◆ EXERCISE BRIEF: Exact copies of the lines from the one with "Elevate your accessory" through the last line of the entries, and no pictures, make up the answer.

Saved data entries:
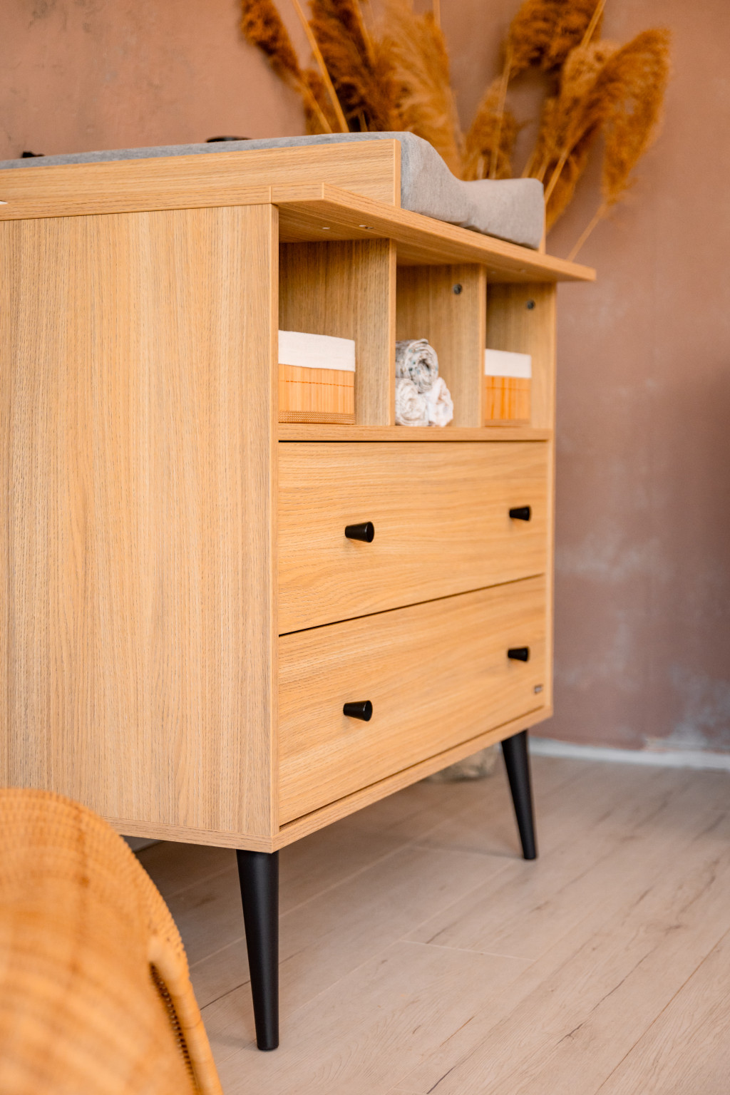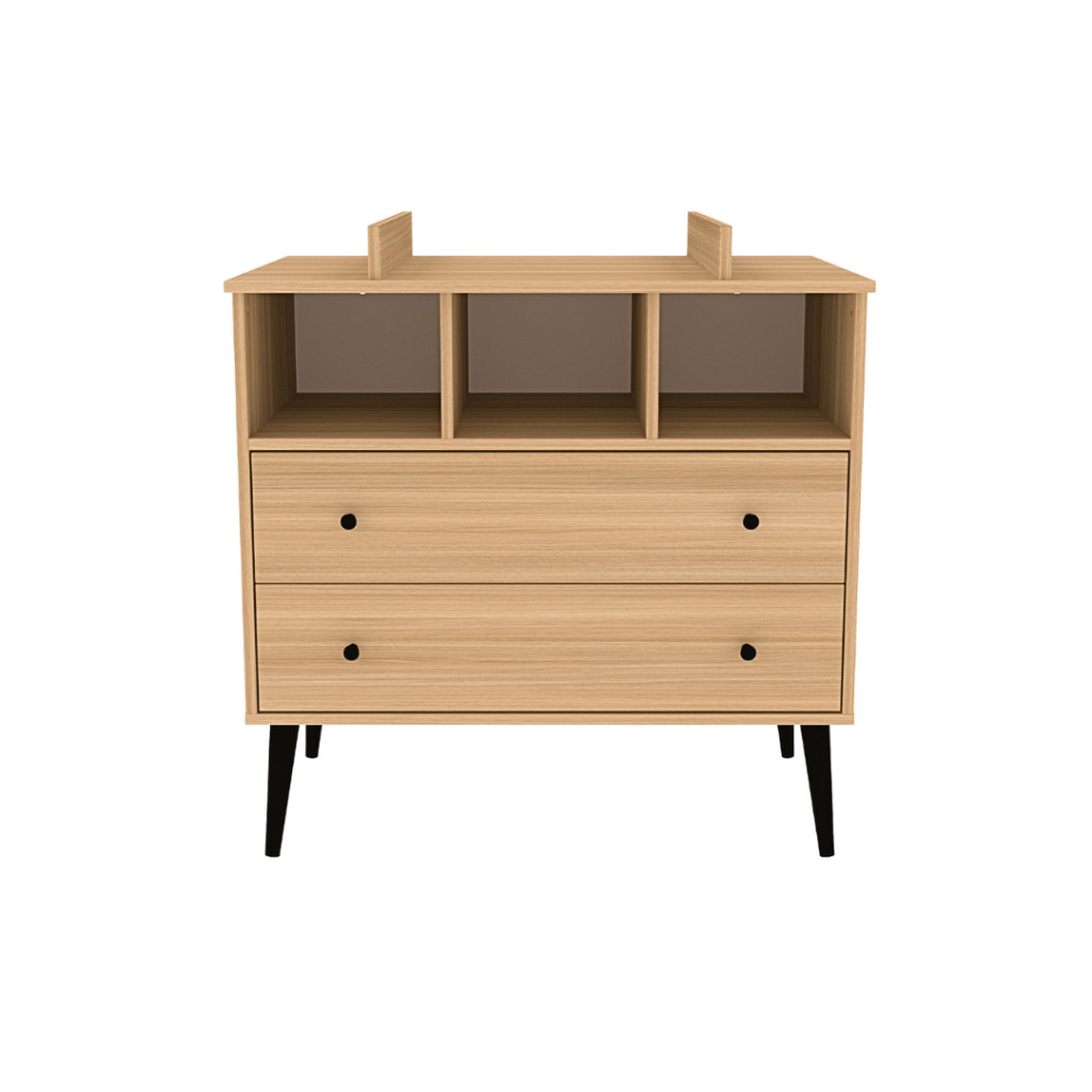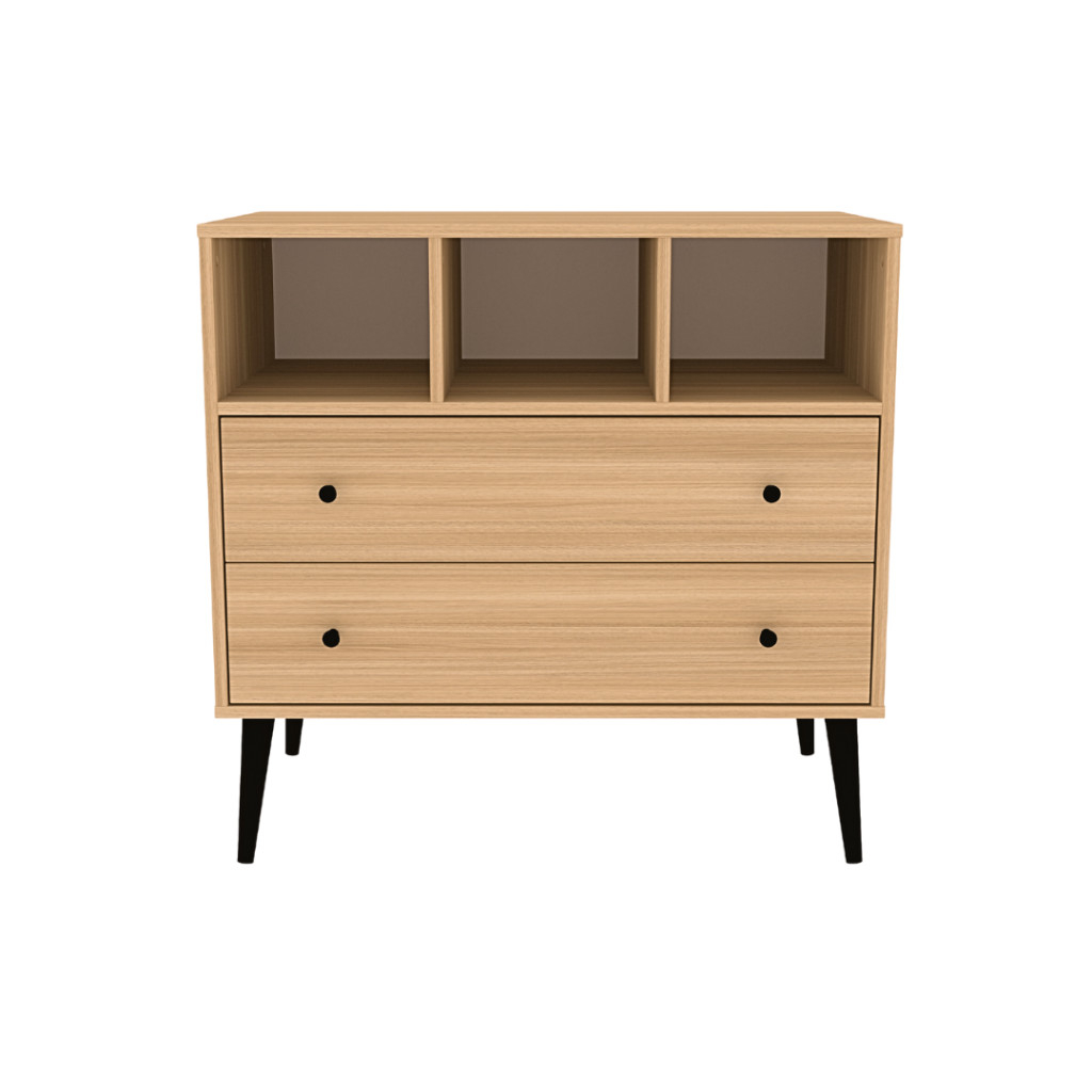 A Calma Oak komód modern formavilágával és fekete fogantyúival ill. lábaival a kollekció egyik ékköve. Letisztult, mégis karakteres tárolóbútor, amelyhez opcionálisan pelenkázó toldalék is rendelhető, így akár pelenkázókomódként is funkcionálhat. A komód felső harmadában 3 külön álló pakoló rész található, ami kiegészül további 2 db tágas, egyenként 50 L űrtartalmú fiókkal, melyekben bőséges hely áll rendelkezésre és arra várnak, hogy telis tele pakold baba holmikkal.
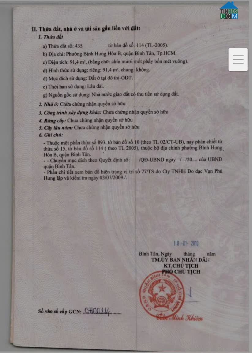 Bán đất thổ cư 100%, HXH đường số 6, BHH B, Bình Tân, 178m2, ngang 6, 4m + Dt: 6, 4m x 27, 8m + Vị trí: Nằm trong HXH đường số 6, BHHB, Bình Tân..
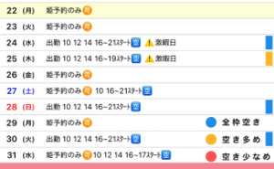 姫予約状況はこちら??
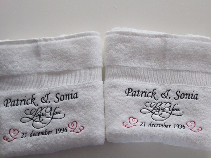 Voor het personaliseren kies je eerst het gewenste formaat: handdoek of badlaken. Beide zijn per stuk verkrijgbaar, maar veel klanten bestellen twee stuks – één voor hem en één voor haar – zodat jullie samen een stijlvol gepersonaliseerd setje hebben.
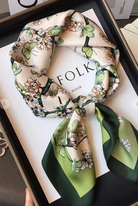 Elevate your accessory collection with this expertly crafted floral print neckerchief. Its delicate square shape offers versatile styling options, whether tied around the neck, wrist, or handbag. Featuring a refined floral pattern, this scarf adds a sophisticated yet fresh touch to any outfit, perfect for enhancing both casual and polished ensembles with subtle elegance.
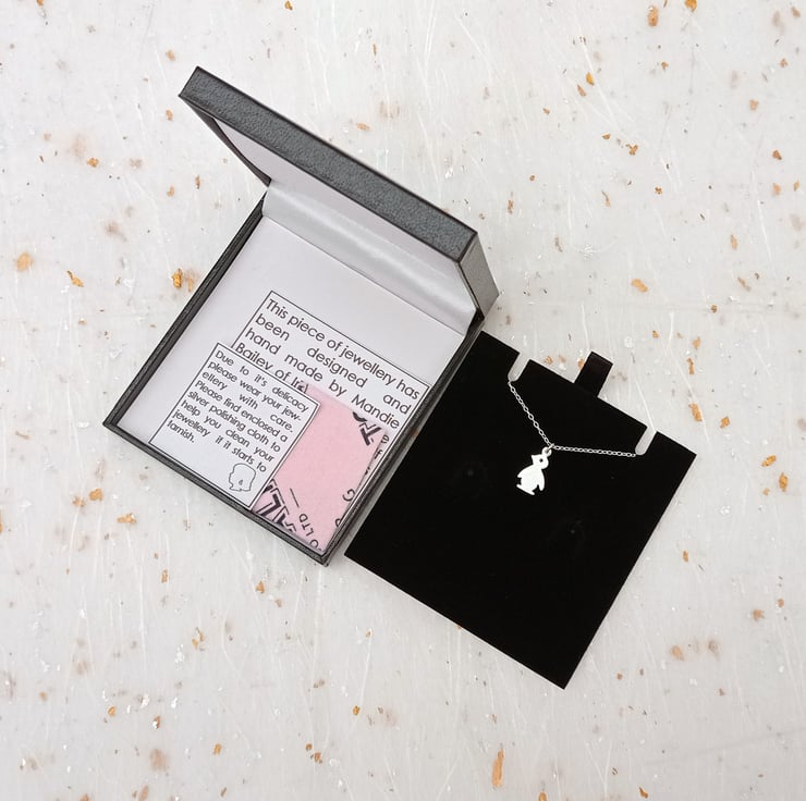The necklace will arrive in a black jewellery box, complete with simple care instructions and a small square of silver polish.

◆ OUTPUT BELOW:
 Elevate your accessory collection with this expertly crafted floral print neckerchief. Its delicate square shape offers versatile styling options, whether tied around the neck, wrist, or handbag. Featuring a refined floral pattern, this scarf adds a sophisticated yet fresh touch to any outfit, perfect for enhancing both casual and polished ensembles with subtle elegance.
The necklace will arrive in a black jewellery box, complete with simple care instructions and a small square of silver polish.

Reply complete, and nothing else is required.